* Task to carry out *
Every line below must be reproduced exactly; no pictures are to be included.

*** Information provided Section Begins ***

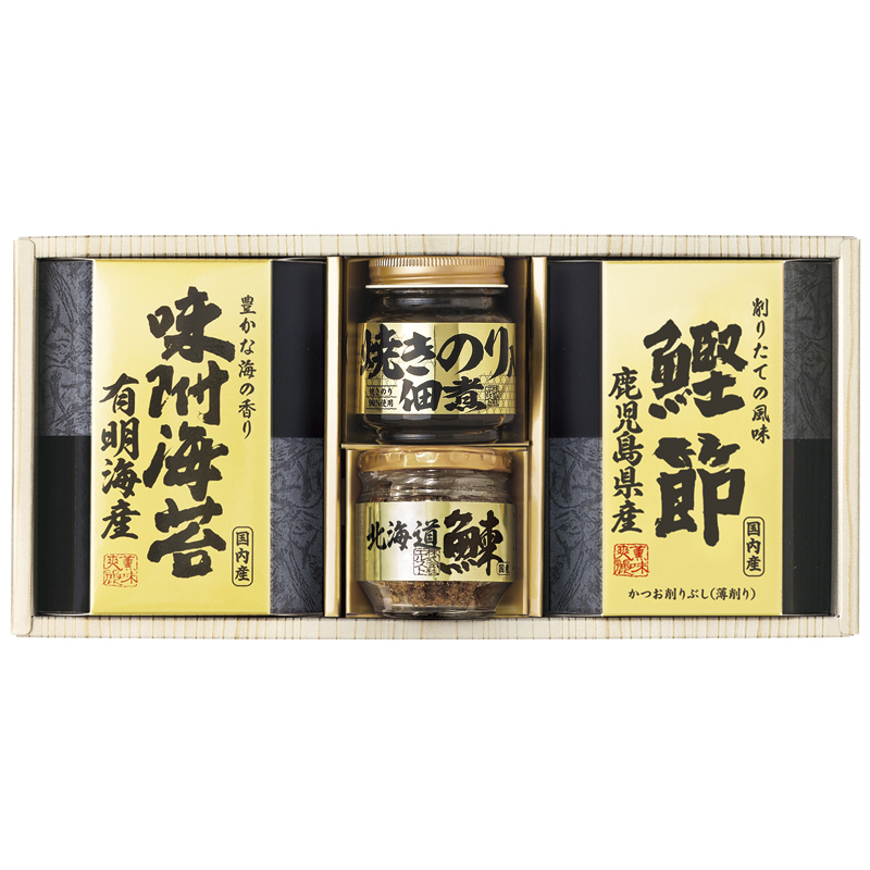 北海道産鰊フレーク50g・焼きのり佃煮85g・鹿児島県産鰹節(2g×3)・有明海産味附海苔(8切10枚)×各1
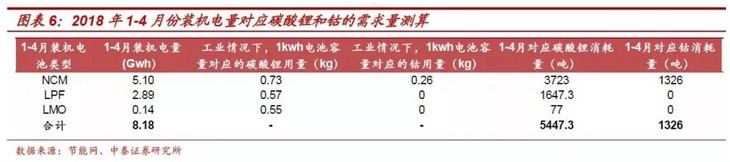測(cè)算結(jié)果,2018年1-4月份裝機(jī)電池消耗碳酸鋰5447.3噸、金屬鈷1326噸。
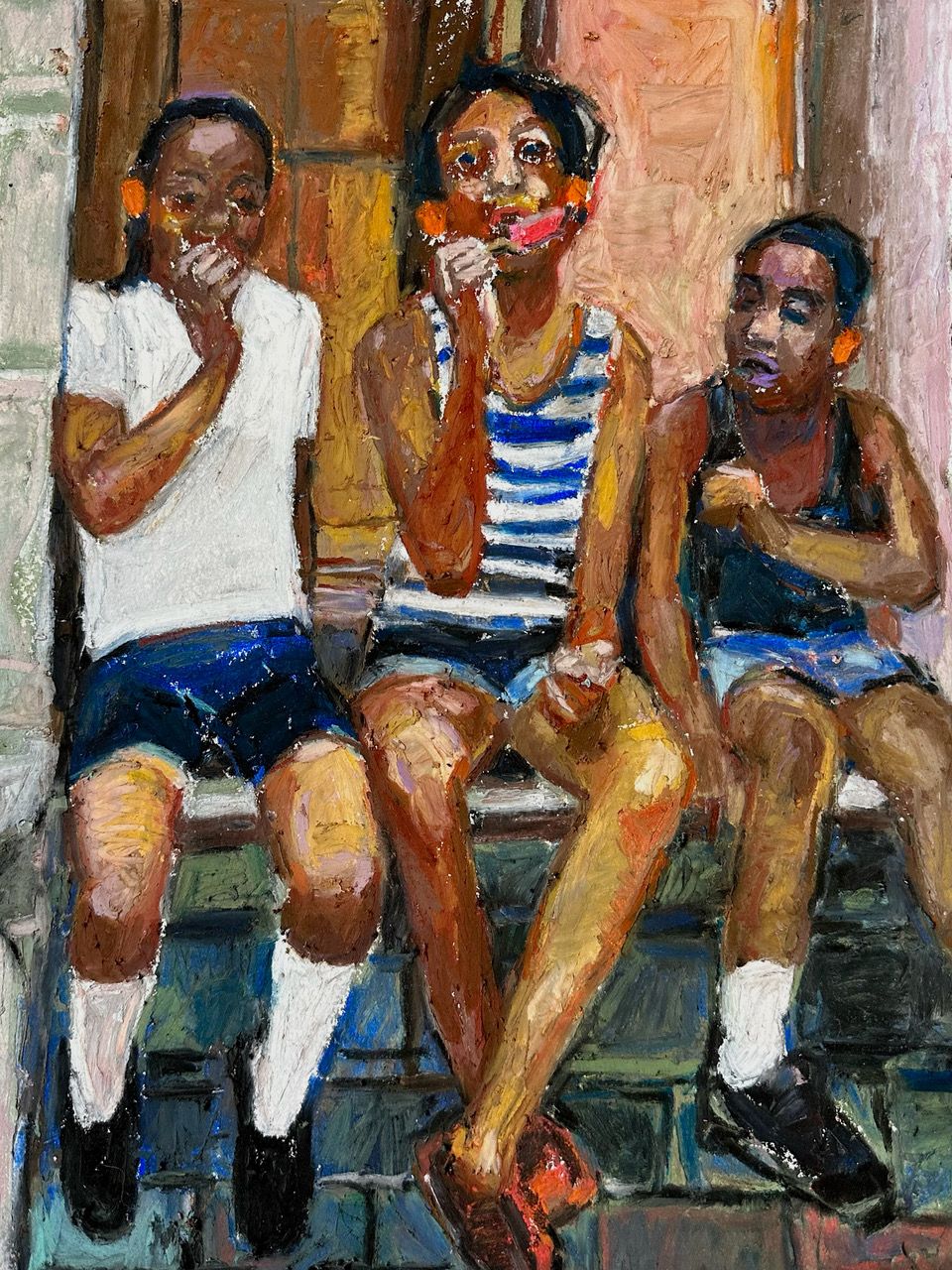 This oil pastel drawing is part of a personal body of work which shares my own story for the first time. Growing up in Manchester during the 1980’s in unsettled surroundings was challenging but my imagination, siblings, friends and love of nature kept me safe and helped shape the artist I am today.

*** Information provided Section Ends ***

* Answer to this exercise *
 北海道産鰊フレーク50g・焼きのり佃煮85g・鹿児島県産鰹節(2g×3)・有明海産味附海苔(8切10枚)×各1
測(cè)算結(jié)果,2018年1-4月份裝機(jī)電池消耗碳酸鋰5447.3噸、金屬鈷1326噸。
 This oil pastel drawing is part of a personal body of work which shares my own story for the first time. Growing up in Manchester during the 1980’s in unsettled surroundings was challenging but my imagination, siblings, friends and love of nature kept me safe and helped shape the artist I am today.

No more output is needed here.